# Skip Shift Eliminator--WHY?



## cruiser787904 (Mar 9, 2007)

Alright who in the right mind designed the CAGS for the GTO. I understand that with it it helps avoid the gas guzzler tax. My beef is that it always blocks me from 2nd gear when I want 2nd but on the hwy well looking for fourth at 60mph in a construction zone it slipped nicely into 2nd gear. Luckily I had the clutch covered or I probably would have had issues...Guess my first mod will be the skip shift eliminator but I may as well buy the pedator so I have it for the rest of the mods...Just my two cents


----------



## pickinfights (Oct 3, 2006)

cruiser787904 said:


> Alright who in the right mind designed the CAGS for the GTO. I understand that with it it helps avoid the gas guzzler tax. My beef is that it always blocks me from 2nd gear when I want 2nd but on the hwy well looking for fourth at 60mph in a construction zone it slipped nicely into 2nd gear. Luckily I had the clutch covered or I probably would have had issues...Guess my first mod will be the skip shift eliminator but I may as well buy the pedator so I have it for the rest of the mods...Just my two cents


There is something wrong if it's blocking you from second when you need second.
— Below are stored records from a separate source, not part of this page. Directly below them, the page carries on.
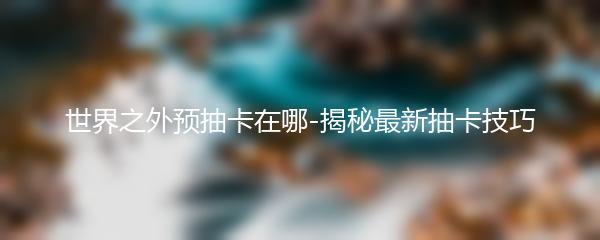 世界之外预抽卡在哪-揭秘最新抽卡技巧
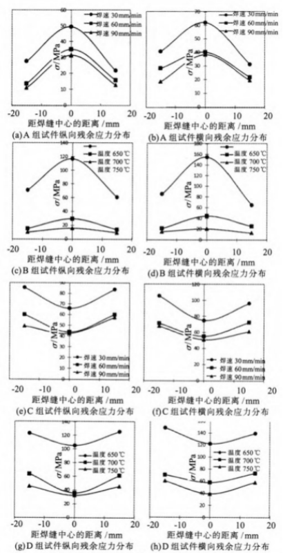 2. 拘束條件下:C組試件:其他焊接條件相同,分別選取焊速為30、60、90mm/min;D組試件:其他焊接條件相同,分別選取熱處理溫度為650、700、750℃。
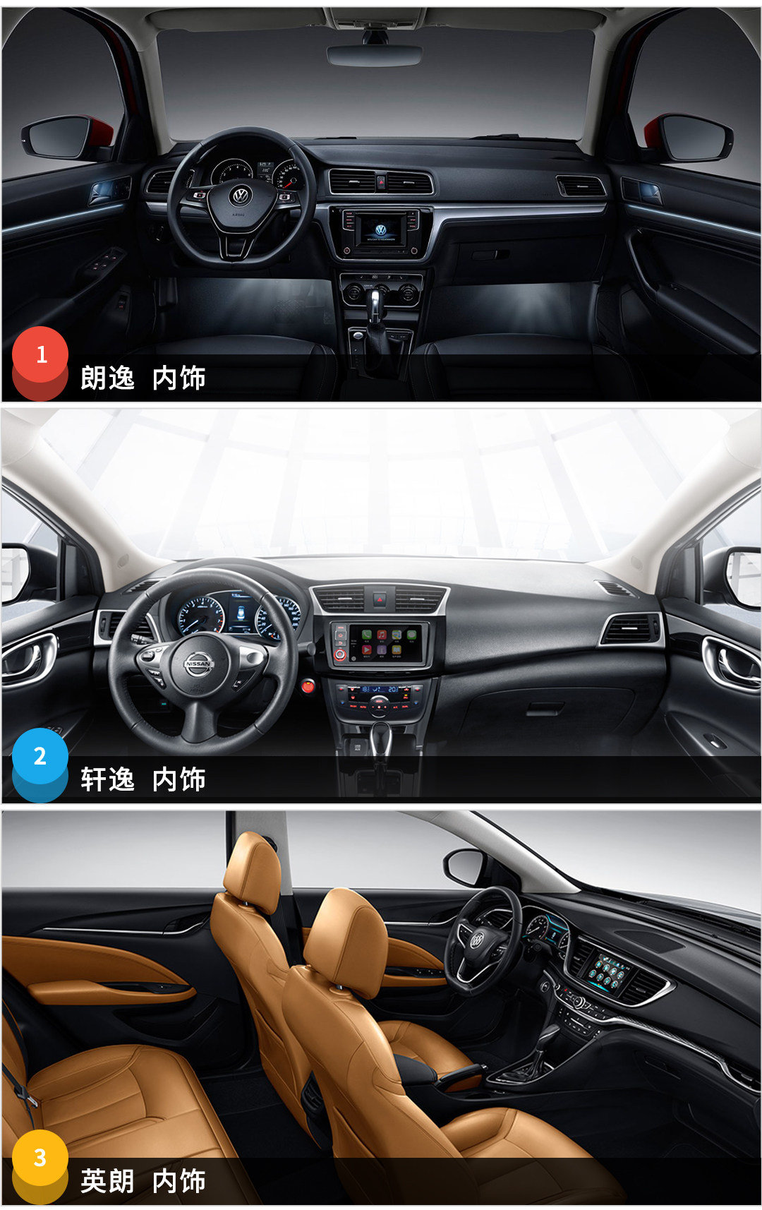在尺寸方面,轩逸除了宽度以外其余数据都是处于领先状态,英朗则是在宽度上略占上风,而朗逸表现平平,那么实际体验如何呢?让我们一一揭晓。

The 1st to 4th light comes on only when, Engine is 169 degrees or higher, vehical is traveling 15-19 mph, and you are 21% throtle or less. So in other words you gotta be driving like a 80 year old lady going home from church in her maroon buick.


----------



## Russ2005 (Nov 24, 2005)

Get a skip-shift-eliminator. Costs $20 bucks, takes 15 minutes to install......problem solved.


----------



## IDONTLIKEIRAQ38 (Mar 6, 2007)

I agree with Pickinfights I have to try to get the skip shift to initiate and even when I am trying I have trouble. I dont see how it could be blocking you from second, you almost have to have the planets aligned for that thing to come on, and there is no way it would be a problem if you were seriously launching your car.


----------



## cruiser787904 (Mar 9, 2007)

Ok so maybe your calling me out on trying to save some fuel or I lost my gumption to get on it...I guess I notice it the most when I am in a turnng lane at red light it seems that I always hit the skip shift when all I want to do is turn and burn. Either way I dont think it should have allowed me into 2nd at 60 mph at least not as easily as it did...I am going to get the predator b/c I will need it...That allows me to remove the skip shift right? Plus then I know I have to think rather then getting lazy and letting the computer do that for me....


----------



## 707GTOLS2 (Aug 31, 2005)

If your Tuner Uses HP Tuners, they can turn it off for you wthout buying the CAGS delete


----------



## GTO_Addict (Mar 2, 2007)

Just bought the skip shift (CAGS) eliminator and installed and it is the best thing. I dont have to worry about the shifting issue from 1 to 4. For a 20 dollar fix, it is well worth it. arty:


----------



## Whannanna (Dec 12, 2006)

or if you plan on tuning it yourself after a few upgrades get the Diablo Sport tuner, you can eliminate the 1 to 4 problem. i dont have a problem with my cags. and its still enabled


----------



## bsmcall (Sep 11, 2004)

cruiser787904 said:


> Either way I dont think it should have allowed me into 2nd at 60 mph at least not as easily as it did...


Any manual transmission with good synchros will let that happen. The only time CAGS is active from leaving 1st gear (with the stipulations above.)

The best suggestion I have for you to prevent 2nd gear at 60mph (without sounding like a prick), is to change the way you grip the shifter. More knuckleball pitch than pistol grip:cheers .


----------